Posted by: dearieme | Monday, 10 March 2014 at 10:22
On your desk by 5.00pm, sir!
Posted by: David Duff | Monday, 10 March 2014 at 10:58
But parsing implies obtaining meaning. (They) (are flying) (planes). (They) (are)(flying planes). Two different meanings depending on how it is parsed.
Posted by: Dom | Monday, 10 March 2014 at 12:23
Although you still owe us 100 lines because that's not a selfie. Someone else took the picture.

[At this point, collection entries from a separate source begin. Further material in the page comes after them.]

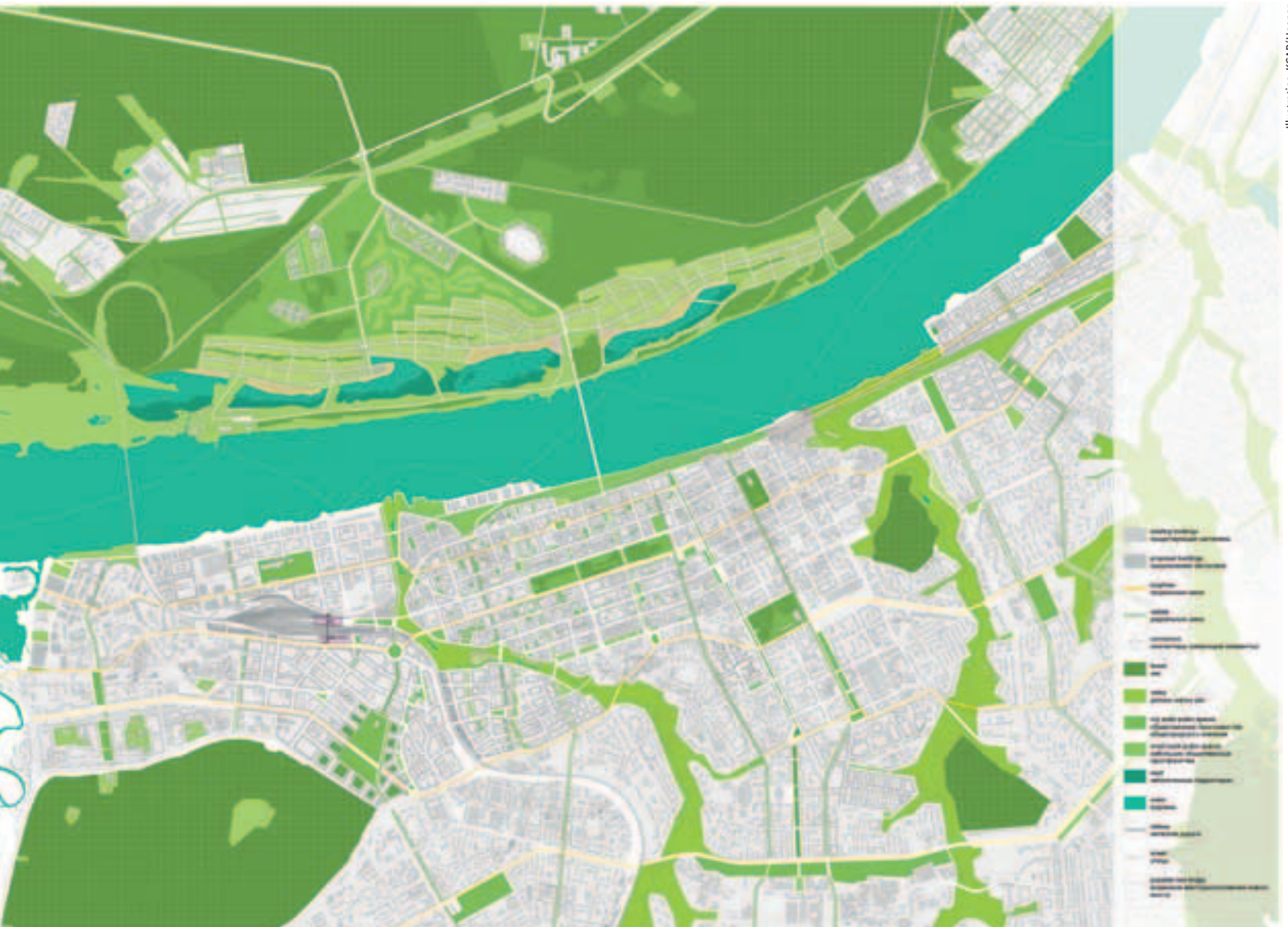
Het masterplan voor Perm.
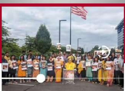
డెట్రాయిట్ లో తెలుగువారి ఆందోళన
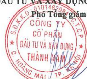
Đinh Thị Minh Hằng

(Các thuyết minh từ trang 10 đến trang 38 là bộ phận hợp thành của Báo cáo tài chính này)
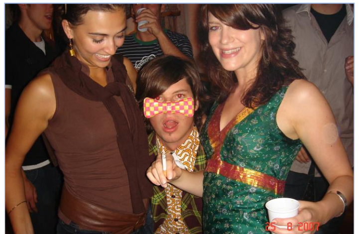
Ozbiljni domjenci, ali i opušteni provodi
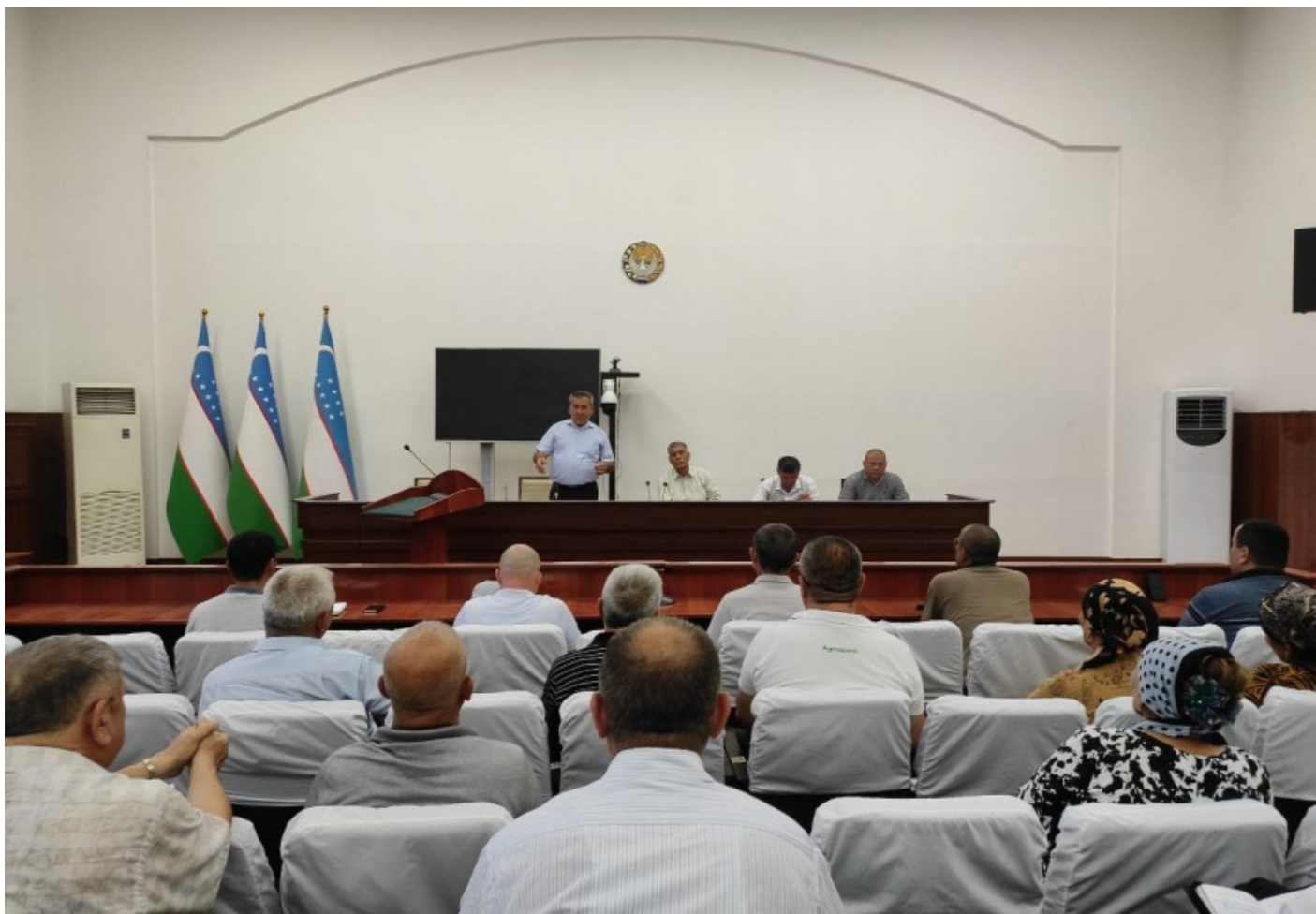
Mening konstitutsiyam - tinch, to'kin hayotim kafolati
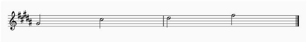
Notasi 2. Nada dalam Gendang Agong Paser (Transkripsi Penulis, 2021)

Nettel (1964:145) mengemukakan cara mendeskripsikan tangga nada dengan menuliskan nada yang dipakai dalam lagu. Tangga nada dalam notasi barat merupakan kumpulan nada yang disusun sedemikian rupa berdasarkan aturan yang ada sehingga membentuk suatu karakter tertentu. Dalam mentranskripsikan Gendang Agong, penulis menuliskan urutan-urutan nada mulai dari nada yang terendah hingga nada yang tertinggi.
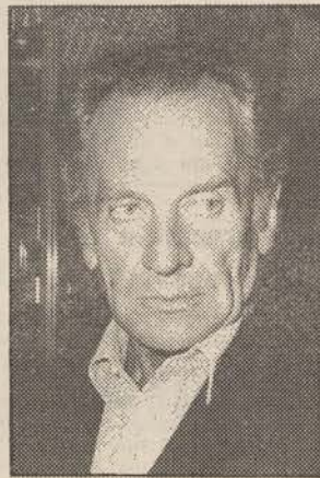
Massimo Girotti «Senso»

gradato e mandato a Fort Apache provoca uno scontro con i pellerossa e viene sconfitto sanguinosamente. Si salva sua figlia e un tenente innamorato di lei. Uno dei migliori western di Ford.
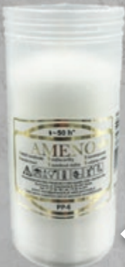
WKŁAD PARAFINOWY PRASOWANY 140X56 WÓJCIK
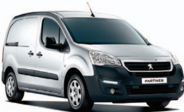
PEUGEOT PARTNER Verð frá 2.209.667 kr. án vsk
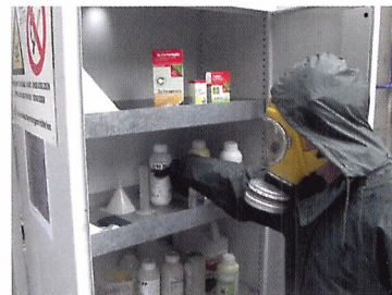
Afb. 2.7 Bestrijdingsmiddelen moeten in een afgesloten kast bewaard worden.

2.2 Wat betekent een pictogram met een doodskop?
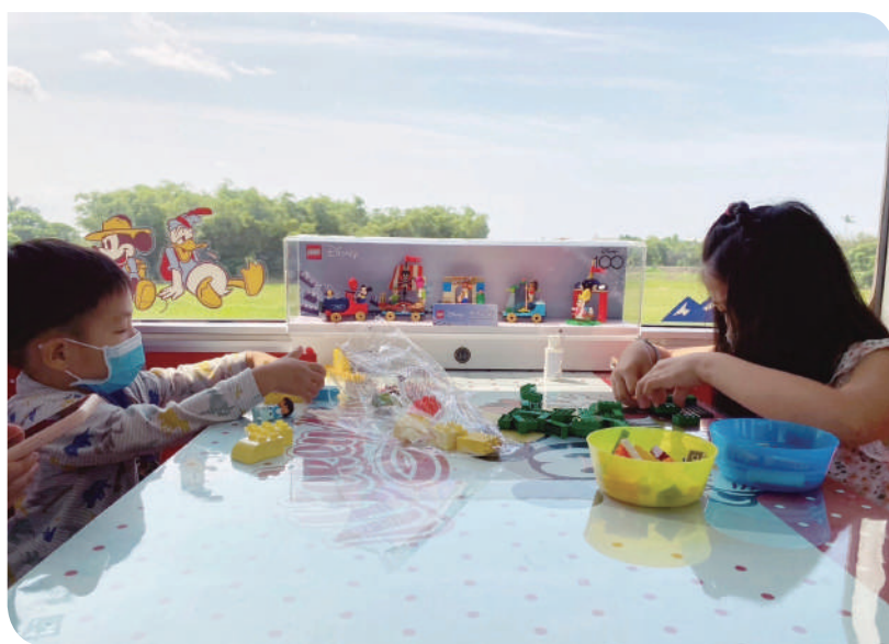
▲ 列車上小朋友盡興組立樂高積木遊戲

系列商品外，7月2日前還可參加「樂高®創意拼拼樂」自由拼砌體驗活動，讓大小朋友發揮創意拼砌屬於自己的夢幻城堡，作品完成後上傳至個人社群並寫下指定hashtag，即可獲得樂高贈禮兌換券(需於指定店家購買LEGO®Disney100週年系列商品方可兌換)。藉著在列車上拼砌樂高，小朋友發揮創意，大朋友釋放童心，一起在迪士尼與樂高的陪伴下留下最美好的旅行回憶。
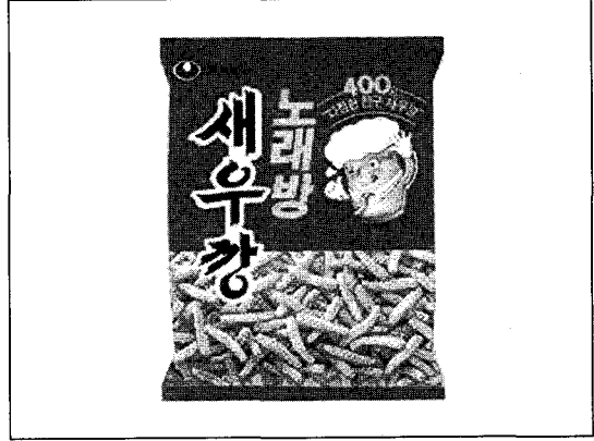
▲ 새우깡의 대형화 '노래방 새우깡'

들이 투명 포장이 아닌 것은 다 이류제품으로 인식해서 불투명 포장의 농심 새우깡도 이류취급을 받았으나 한 달만에 매출이 정상궤도로 돌아왔다.
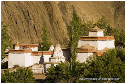
วัดอัลชี (Alchi Gompa)

ยังมีความสำคัญในด้านประวัติศาสตร์ คือ หลังจากการสิ้นพระชนม์ของดาไลลามะองค์ที่ 5 แห่งทิเบต ผู้สำเร็จราชการแทนพระองค์ ได้ส่งคณะทูตนำโดย สังฆราชา แห่งนิกายดรุคปะ (Drukpa) มาที่ Tingmosgang ในปี ค.ศ. 1684 และได้มีการเขียนลงนามภายใต้ สนธิสัญญา Tingmosgang ระหว่างราชอาณาจักรทิเบตและลาดักห์ ในประเด็นเขตแดนระหว่างสองราชอาณาจักร ขอดกกลงทางศาสนาและการค้า ที่ยังคงยึดถือมาจนถึงปัจจุบัน
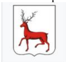
Герб столицы Нижегородского уезда — Нижнего Новгорода (1781)
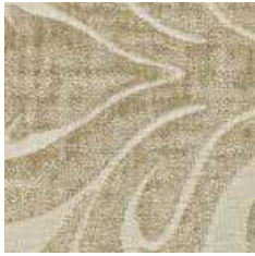
LBAG 2 - cat. A
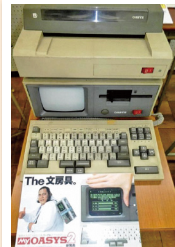
◀38年前に発売されたワープロ 展示室3「道具くらべの部屋」
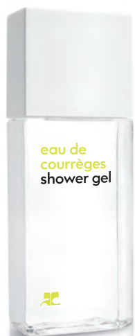
SHOWER GEL gel douche
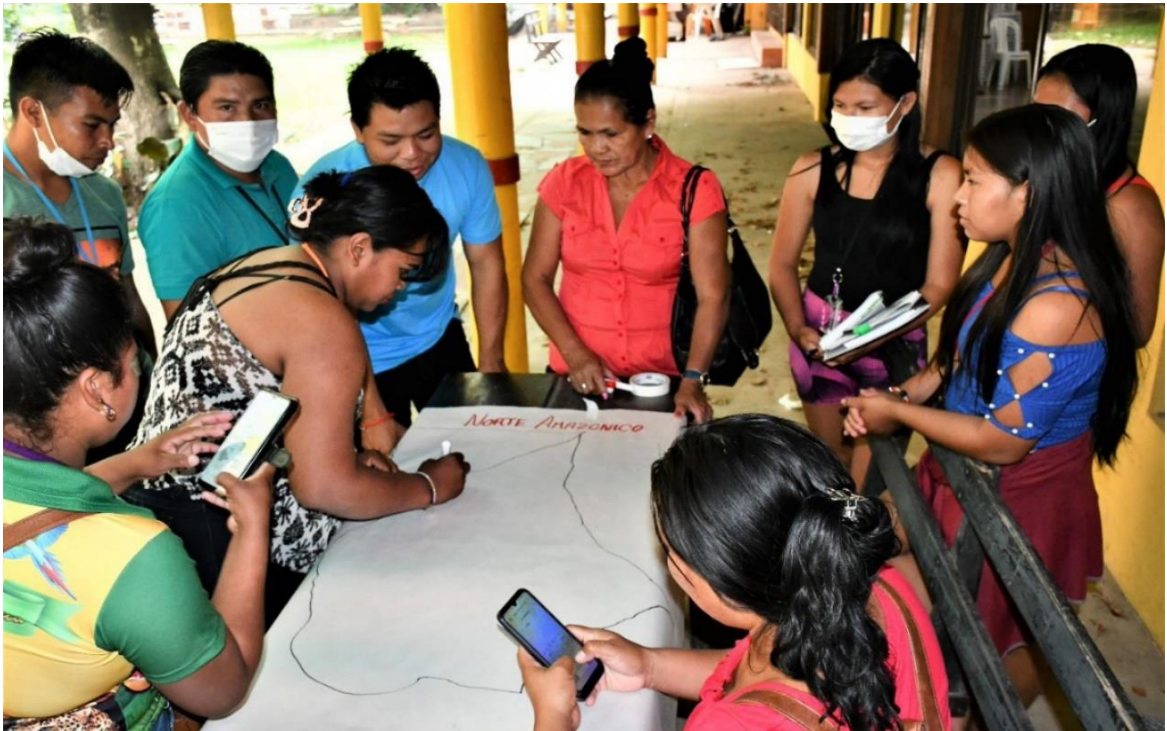
Foto: Diakonias samarbetsorganisation CEJIS (Centro de Estudios Jurídicos e Investigación Social), arbetar tillsammans med urfolksorganisationer i Bolivia för att bygga broar mellan generationer.
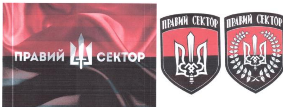
Рисунок 11. Атрибутика организации «Правый сектор».
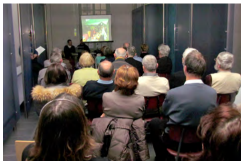
Slika 1: Fotoreportaža društvenih aktivnosti v letu 2012
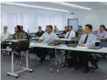
Syncro-Seminar in unserem Werk Aarburg

Für einen Seminartermin nehmen Sie bitte mit dem in Ihrem Gebiet zuständigen Domotec-Aussendienstmitarbeiter Kontakt auf oder melden Sie sich unter www.domotec.ch an.
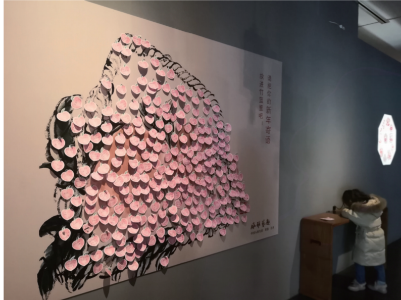
观众在展厅现场参与拓印、剪纸等活动

益社》，关良的《戏剧人物》等，虽然“俗”气，但恰是中国人所期许的美好生活。而美术馆三层则主要展示了文人雅集、读书、临帖、赏雪、品茗的场景，如仇英
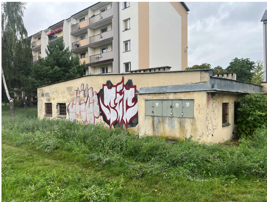
Widok budynku od strony zachodniej
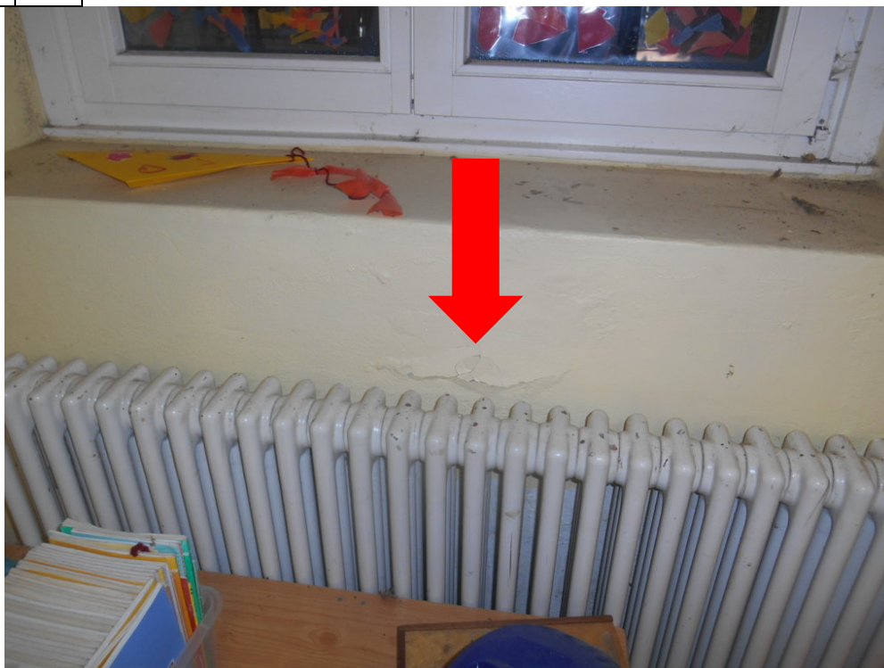
Bild Nr: 6 Wandfläche Fluchttreppe Alte Küche im Untergeschoss – Probe Nr. 381/18 – A3 (OT 14.12.2018)

Bild Nr: 5 Wandfläche Brüstung in der Betreuung im Untergeschoss – Probe Nr. 381/18 – A2 (OT 14.12.2018)
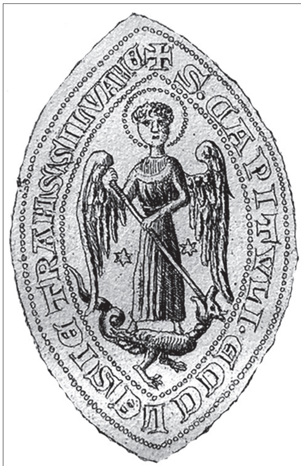
A gyulafehérvári káptalan pecsétje 1291-ből. Körirata: S[IGILLUM] CAPITVLI ECCLESIE TRANSSILVANIAE (Erdélyi egyháza káptalanának pecsétje) 35
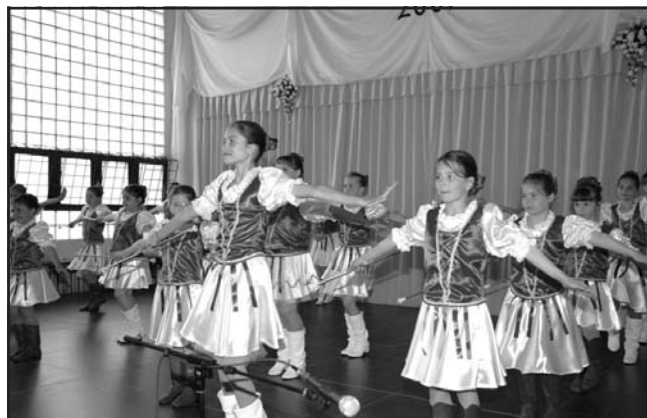
Széchenyi Napok 2007
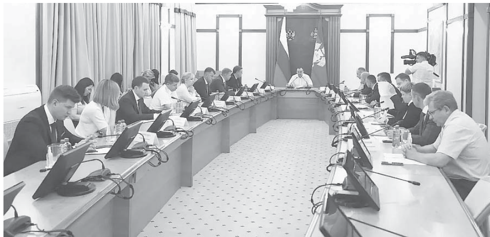
Глава администрации (губернатор) Краснодарского края Вениамин Кондратьев на краевом совещании

Вениамин Кондратьев отметил, что по итогам первого полугодия освоено 29,8 миллиарда рублей — 42 процента средств от плана. Это на уровне 2021 года. Наибольшую
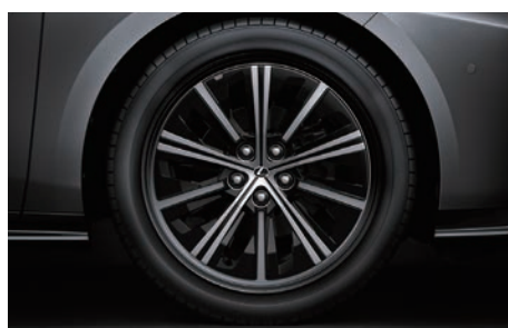
19 吋鋁圈附 AERO 輪圈蓋 (ES 500e 頂級版專屬)
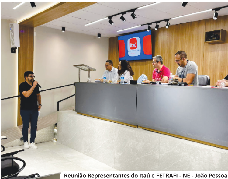
Reunião Representantes do Itaú e FETRAFI - NE - João Pessoa

Posted by: Dom | Monday, 10 March 2014 at 12:24
Dom, you're the sort of 'goody-two-shoes' who was always teacher's favourite and sat at the front of the class! I'll get you in the playground during the lunch break!
Posted by: David Duff | Monday, 10 March 2014 at 13:48
"But parsing implies obtaining meaning." No it doesn't: that's construing. Parsing means what DD said "Parse: Resolve (a sentence) into its component parts and describe their syntactic roles." You need to spot that a word is a noun (say), in the singular, that it's feminine, that it's in the accusative, and whatnot (according to the language being used). The fact that a noun is in the accusative means that it'll be the object of the sentence. This would encourage you to look for another noun that's in the nominative, which means you've found the subject of the sentence. And so on. Having got an accurate parsing, and also having separate knowledge of the meaning of each individual word, then you can work out the meaning of the sentence i.e. construe it. This fandango is why so many people came to loathe Latin at school. Unlike English, Latin is highly inflected, and word order gives you almost no help in working out what's going on in a sentence; hence the usefulness of the two-stage approach - first parse, then construe.
That'll be twenty guineas, please.
Posted by: dearieme | Monday, 10 March 2014 at 14:36
[Will] (you) [take] (a cheque)[?]
Posted by: David Duff | Monday, 10 March 2014 at 16:24
When they say: first woman to..., first black man to..., it simply means that a white man has been there before.
Posted by: ortega | Tuesday, 11 March 2014 at 07:00
Well done, Ortega, you made it past the dreaded 'Spam Box' safely this time!